Of this external debt £ 7.18 trillion pound, financial institutions, and large investment funds know that the UK private pension funds hold £ 3.2 trillion in assets, on their balance sheet, that gets leveraged through liabilities that would be future payables to private pensioners, but as well the liability part of Private Pension balance sheet are financial assets as well. So becomes intuitive to understand that the UK financial account deficit of £ 7.18 TRILLION EXTERNAL DEBT, would figure out also as assets on the UK Financial account position, while indeed the £ 7.18 Trillion of external debt makes the UK financial account completely insolvent representing 326% DEBT/ GDP ratio.

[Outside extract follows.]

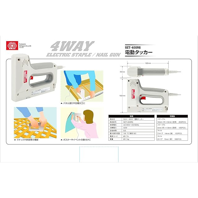 SK11 4WAY電動タッカー 4型ステープル 10型ステープル SET-400RG

Considering the UK as a relatively small open economy, that will require the Pound to depreciate much more to balance the pressures on all other parts of the economy. The structural Balance of Trade deficit would require the British Pound to depreciate much lower below parity for UK exports to become competitive and functional to other economies in the global supply chain, theoretically, that would have the potential to invert the flows of the UK Balance of Trade deficit into a surplus, that, of course, would require the UK economy to develop a consistent semi-manufacturing and manufacturing industrial base, that would become functional to global supply chains and industries, while also supplying the island economy.
The UK Fiscal position has become of structural deficits since the aftermath of the 2009 financial crisis that forced Governments to utilize billions of pounds in borrowed fiscal deficit to stabilize the banking system and the economy as a whole. The mismanagement of the UK Public finances during the past decade has made the UK GDP/DEBT ratio 101%<102% and most probably in future continuing to increase more than the UK economy on aggregate. The funding of this Fiscal Deficit through GILTs issuance has become more difficult and thereby requires higher yields for investment funds. That would require a large part of UK Fiscal revenues to pay for DEBT INTEREST SERVICING. (only interest paying).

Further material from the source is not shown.